__Available data__:
[Start of Attachment]
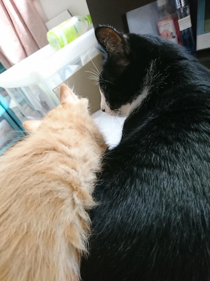 どちらかというと、どっしり構えている先住猫に子猫のが寄り添いに行く感じ。
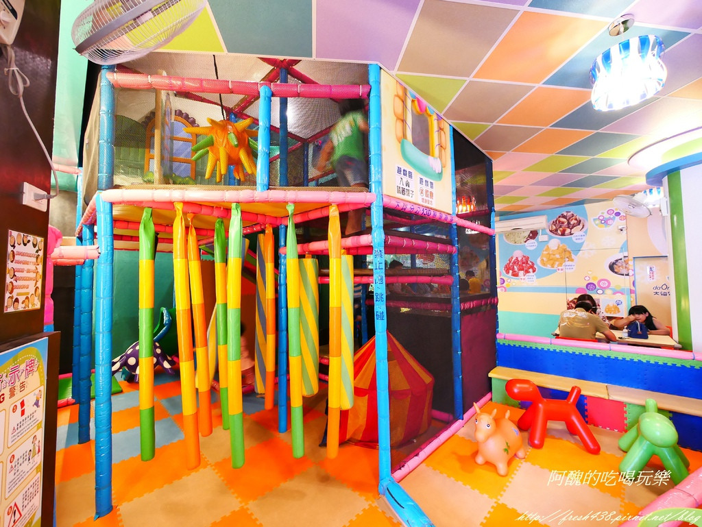 餐廳裝潢明亮活潑,擺飾五彩繽紛,充滿童趣,遊戲區限2-6歲,入內需脫鞋著襪,遊戲區內有一座不小的溜滑梯攀爬闖關組,在裡爬上爬下、東跑西躲、左盪右滑,宛如迷宮般的玩樂天堂,吸引著小朋友,外面還有有跳跳馬與塑製動物座椅。
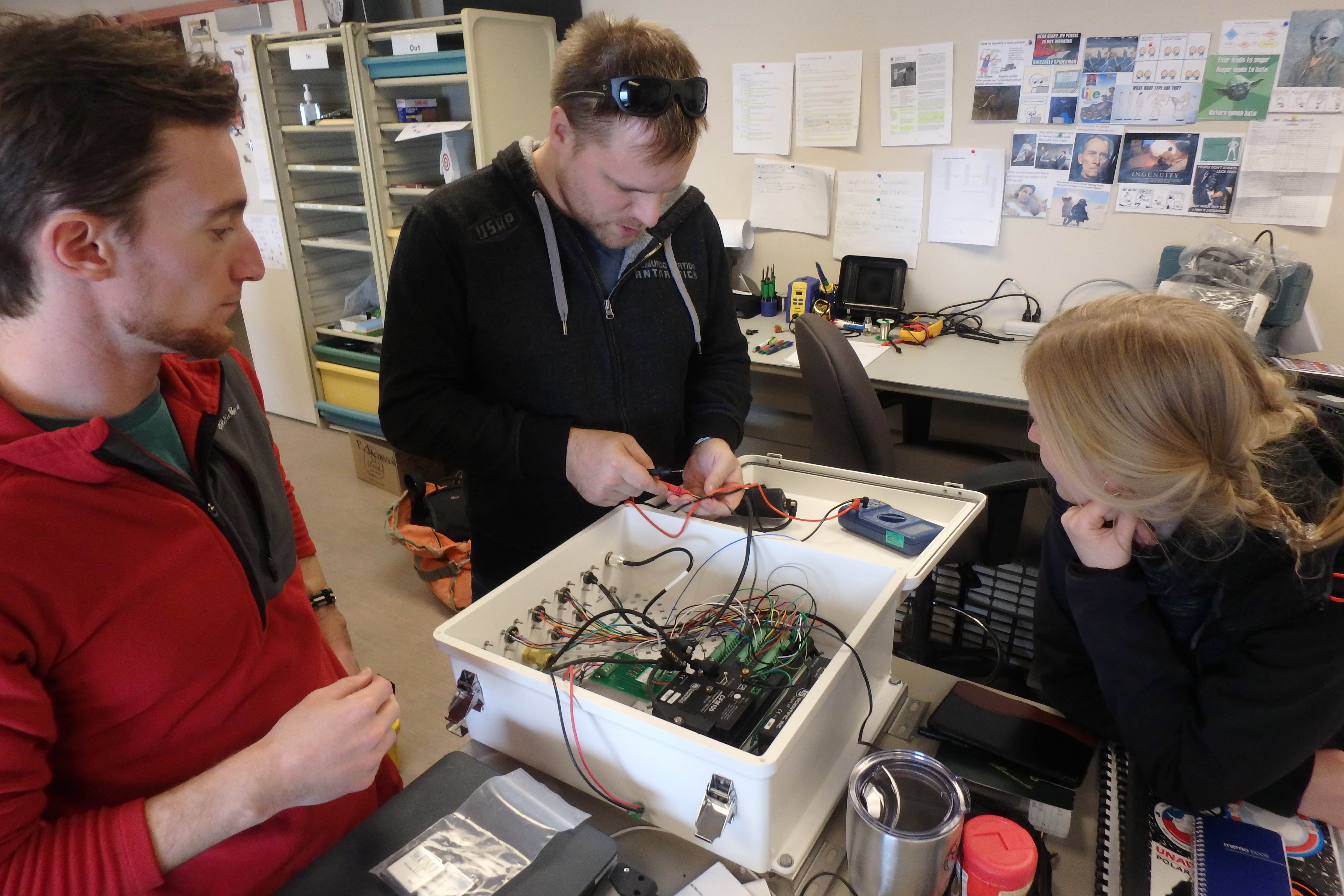 Left to right, David Mikolajczyk, Lee Welhouse, and Elina Valkonen do diagnostic checks on an enclosure for an Automatic Weather Station (AWS). Crary Lab, McMurdo Station, Antarctica.
[End of Attachment]
__Your goal__:
Repeat all the material above exactly, apart from the pictures.

__The completed task__:
 どちらかというと、どっしり構えている先住猫に子猫のが寄り添いに行く感じ。
 餐廳裝潢明亮活潑,擺飾五彩繽紛,充滿童趣,遊戲區限2-6歲,入內需脫鞋著襪,遊戲區內有一座不小的溜滑梯攀爬闖關組,在裡爬上爬下、東跑西躲、左盪右滑,宛如迷宮般的玩樂天堂,吸引著小朋友,外面還有有跳跳馬與塑製動物座椅。
 Left to right, David Mikolajczyk, Lee Welhouse, and Elina Valkonen do diagnostic checks on an enclosure for an Automatic Weather Station (AWS). Crary Lab, McMurdo Station, Antarctica.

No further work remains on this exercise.